Rationale: An imbalance of the tryptophan kynurenine pathway (KP) commonly occurs in psychiatric disorders, though the neurocognitive and network-level effects of this aberration are unclear.
Objectives: In this study, we examined the connection between dysfunction in the frontostriatal brain circuits, imbalances in the tryptophan kynurenine pathway (KP), and neurocognition in major psychiatric disorders.
Methods: Forty first-episode medication-naive patients with schizophrenia (SCZ), fifty patients with bipolar disorder (BD), fifty patients with major depressive disorder (MDD), and forty-two healthy controls underwent resting-state functional magnetic resonance imaging. Plasma levels of KP metabolites were measured, and neurocognitive function was evaluated. Frontostriatal connectivity and KP metabolites were compared between groups while controlling for demographic and clinical characteristics. Canonical correlation analyses were conducted to explore multidimensional relationships between frontostriatal circuits-KP and KP-cognitive features.
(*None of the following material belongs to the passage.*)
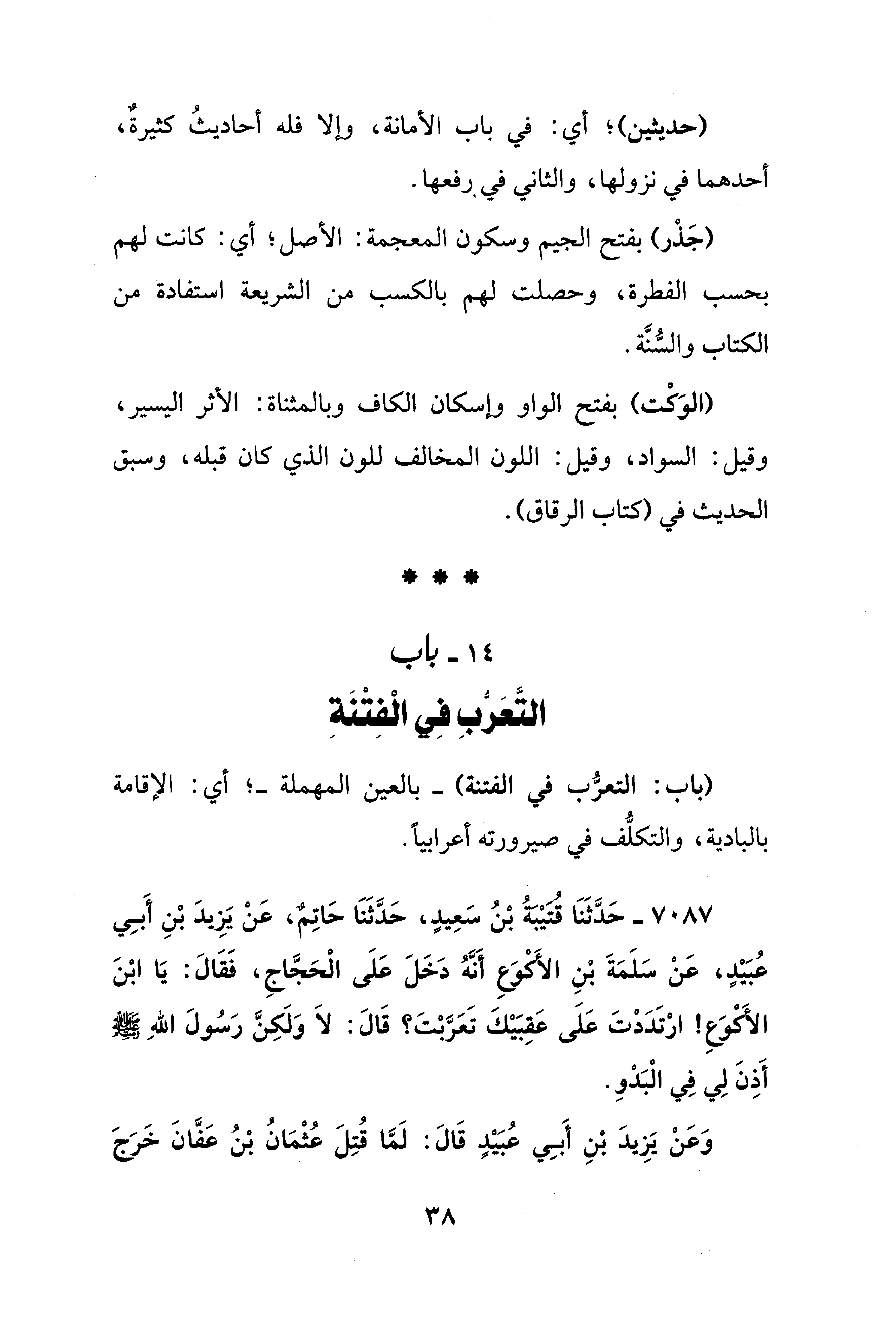 14 - باب التَّعَرُّبِ فِي الْفِتْنَةِ

Results: Patient groups shared hypoconnectivity between bilateral ventrolateral prefrontal cortex (vlPFC) and left insula, with disorder-specific dysconnectivity in SCZ related to PFC, left dorsal striatum hypoconnectivity. The BD group had higher anthranilic acid and lower xanthurenic acid levels than the other groups. KP metabolites and ratios related to disrupted frontostriatal dysconnectivity in a transdiagnostic manner. The SCZ group and MDD group separately had high-dimensional associations between KP metabolites and cognitive measures.
Conclusions: The findings suggest that KP may influence cognitive performance across psychiatric conditions via frontostriatal dysfunction.
Keywords: Bipolar disorder; First-episode schizophrenia; Frontostriatal circuits; Major depressive disorder; Tryptophan kynurenine pathway.
© 2023. The Author(s), under exclusive licence to Springer-Verlag GmbH Germany, part of Springer Nature.